Папа показал Мервину статьи, которые вырезал для него из газет и журналов. В одной рассказывалось о двух братьях, совершенно случайно нашедших друг друга после двадцати пяти лет разлуки, в другой — о смешном случае на судебном заседании. А также дал Мервину объявление о ежегодном конкурсе короткого рассказа Ассоциации молодых иудеев «Маяк».

— Хочу подкинуть тебе одну мыслишку, — сказал он. — Словом, в кино… короче, когда Хамфри Богарт[123], к примеру, закуривает «Честерфилд» или заказывает кока-колу, ты что думаешь — ему не перепадает от этих фирм? Перепадает, и еще сколько! Главная твоя трудность, как я понимаю, — нехватка денег. Так почему бы тебе в твоих книгах не делать так же? Типа того, что, скажем, у тебя кому-то надо куда-то лететь, так с какой стати ему лететь на самолете невесть какой компании? Чего бы ему не лететь на «Трансуорлд эрлайнз»[124], потому что надежнее и лучше ее нет, ну, не говоря уж о том, что он там может еще цыпочку подцепить? Или, скажем, у тебя там главный… короче, алкаш, не мог бы он заказывать исключительно «Сигрэм», потому что лучше джина не сыскать? Усек? Я мог бы написать, скажем, в «Пепси», «Сигрэм», «Честерфилд» и узнать, сколько они заплатят за такую рекламную вставку в книжке, ну а ты… короче, что ты на это скажешь?

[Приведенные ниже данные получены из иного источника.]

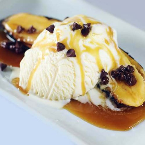 GRILLED BANANA W/ CARAMEL & VANILLA ICE CREAM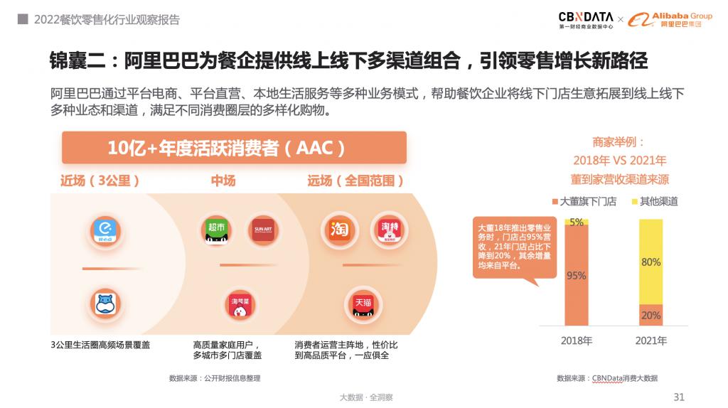 這一點,大董烤鴨深有體會。以大董旗下零售品牌董到家為例,2018 年,大董推出零售業務時,門店占比 95%營收。2021 年,大董門店占比下降至 20%,其余 80%均來自于其他渠道,其中天貓等主流線上電商營收占比約 60%。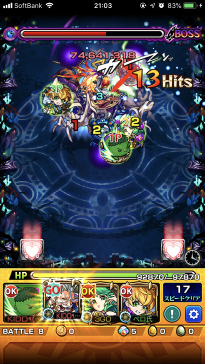 まだまだ下手くそにつき安全に運1での周回。キャラをバラけさせると感染喰らわないのは有難いですね。個人的カルナのイチ押しであるベテルギウスが毎度の事ながら便利すぎて重宝してます(^ ^) 最終はゲージフルでも持って行ってくれるのでボス単体になってしまえば勝ち確。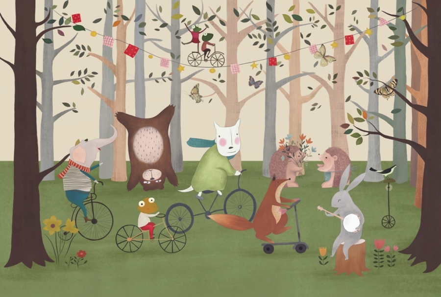 Ši žavinga sienų tapyba – puikus pasirinkimas visiems gyvūnų ir dviračių mylėtojams. Šiame rašte vaizduojami žaismingi gyvūnai, važinėjantys spalvingais dviračiais, todėl visa aplinka atrodo labai juokinga ir žavinga.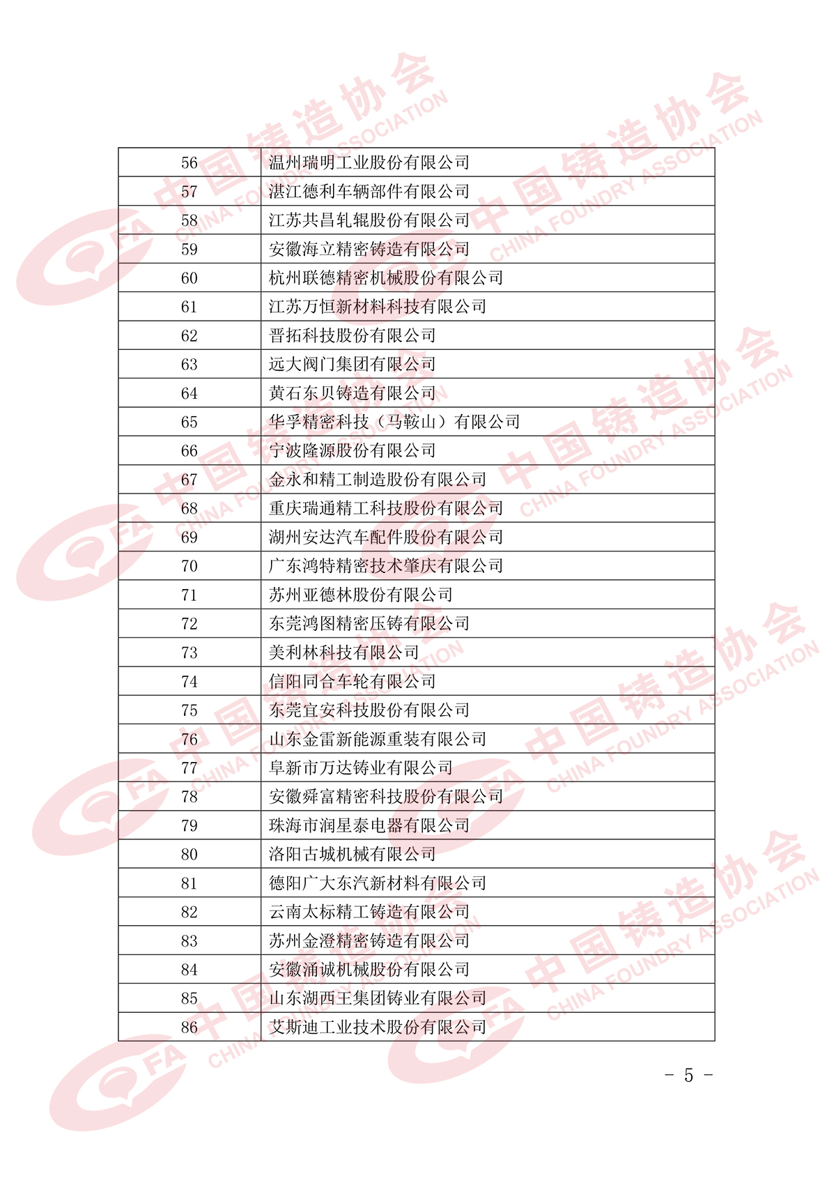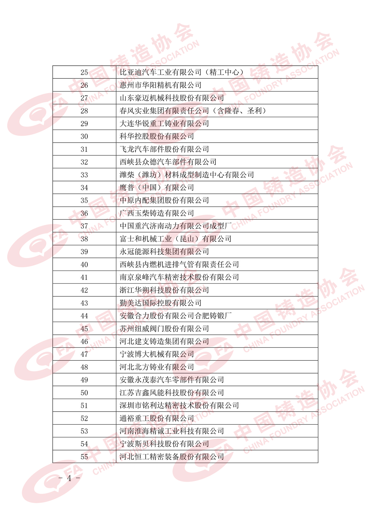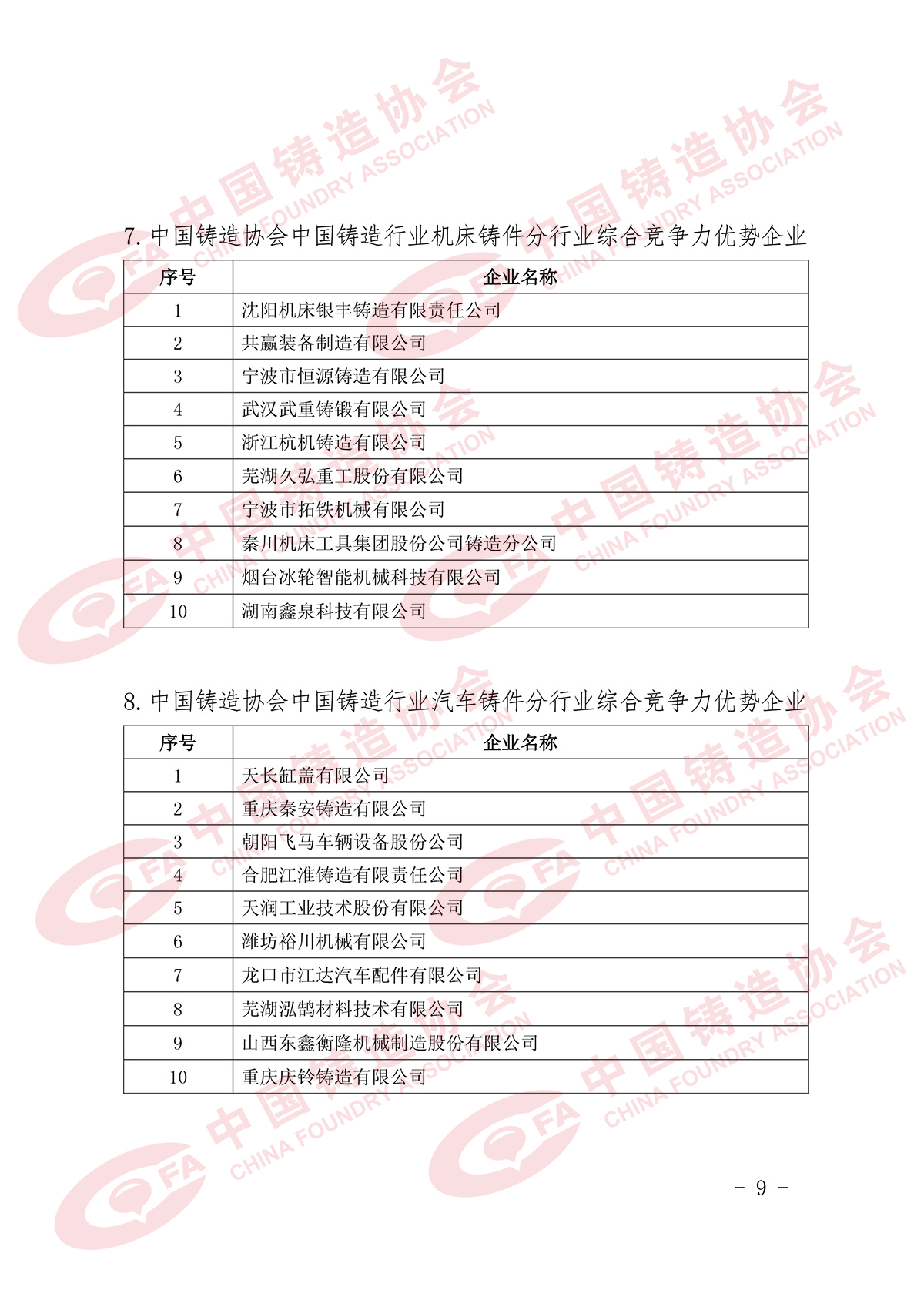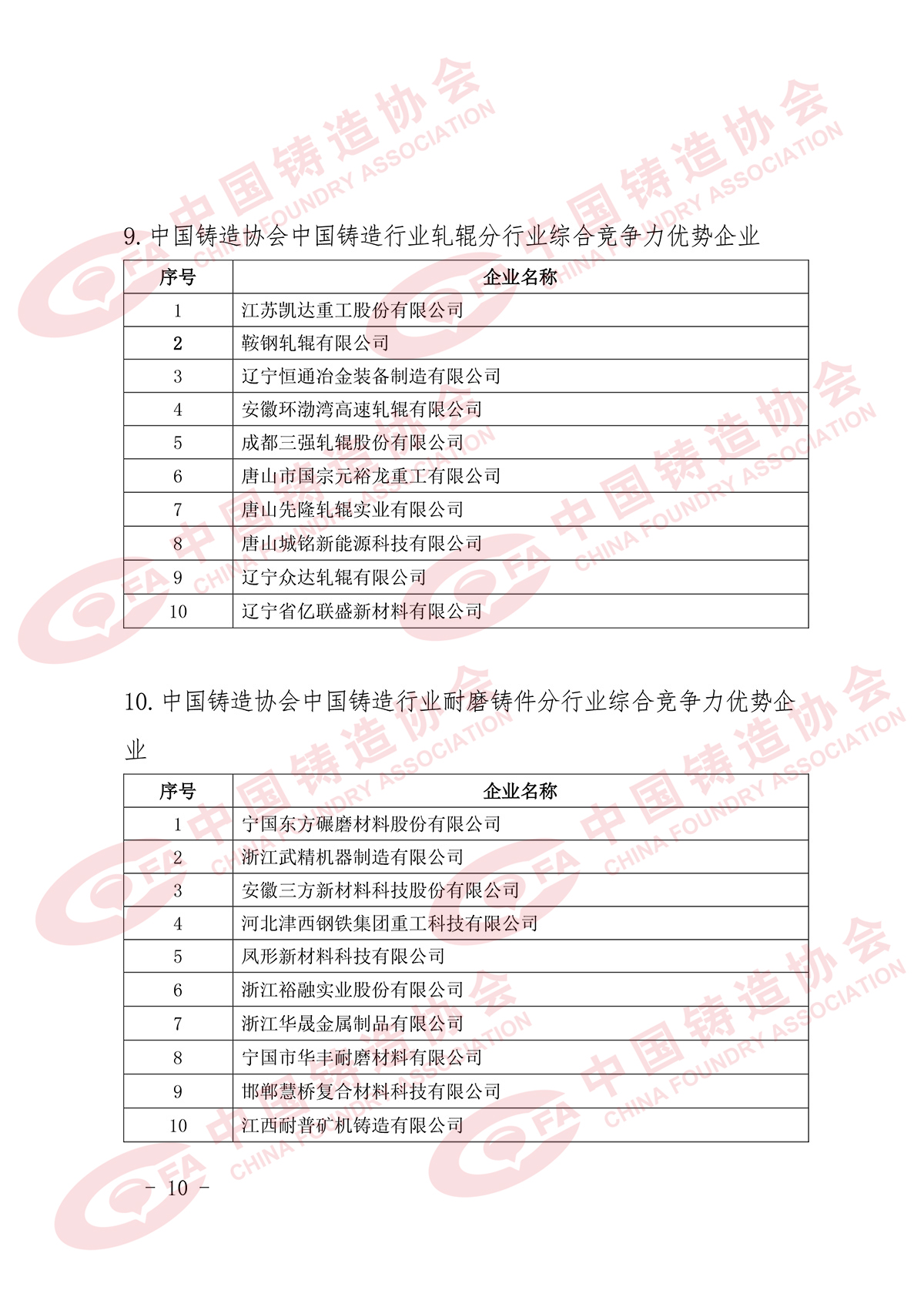 关于中国铸造协会中国铸造行业综合竞争力优势企业评选结果的公示

— Я бы ни за что не вставил в свою книгу ничего подобного — вот что я скажу. Это бросило бы тень на мою репутацию. Обо мне, сами понимаете, пошли бы разговоры.

Впрочем, разговоры и так пошли. Младший братишка Молли мне рассказал, что на ужине Мервин расположил к себе родителей. Его отец, если верить братишке, сказал Мервину: он человек современный и считает, что родителям не следует жить с молодыми, во всяком случае, не всегда, однако монреальский климат просто-таки убивает его жену и в случае, если бы его зять жил, к примеру, в Калифорнии… словом, было бы совсем неплохо у него погостить… и Мервин поддержал его, сказал, что для него семейные узы — не пустое понятие.

При всем при том далеко не все разговоры были лестными для Мервина. Парни с нашей улицы невзлюбили Мервина. Какой-то чужак из Торонто того и гляди умыкнет нашу Молли — вот чего они опасались.

— Вон они пошли — Красавица и Чудовище, — говорили они, когда Молли рука об руку с Мервином проходили мимо бильярдной.

— Это ж надо: сколько лет на нее только пялились и пялились, а тут откуда ни возьмись он, этот недоделанный.

Улица открыто подтрунивала над Мервином.

— Эй ты, великий писатель! Задницу нажрал будь здоров! На сколько фраз тебе бутылки чернил хватит?

— Эй, Шекспир, подь сюда! У тебя всегда такой уродский вид был, или ты за деньги дал себя изуродовать?

Мервин, однако, уверял меня, что насмешки парней ему нипочем.

— Толпа, — сказал он, — всегда враждебна художнику. Она, как ты знаешь, многих из нас подвигла на самоубийство. Но я их насквозь вижу.

Его роман опять отвергли.

— Ну и что? — сказал Мервин. — Есть издатели и получше.

— Но ведь там, в издательстве, люди опытные, разве нет? — спросил папа. — То есть я что хочу сказать…

— А вы смотрите, смотрите сюда. Видите, на этот раз они послали мне ответ не на бланке, а написали письмо. И знаете, кто его написал? Один из величайших издателей Америки.

— Может, оно и так, — сказал папа, преодолевая неловкость, — но от твоей книги он отказался.

— Он в восторге от моей энергии и увлеченности, так или не так?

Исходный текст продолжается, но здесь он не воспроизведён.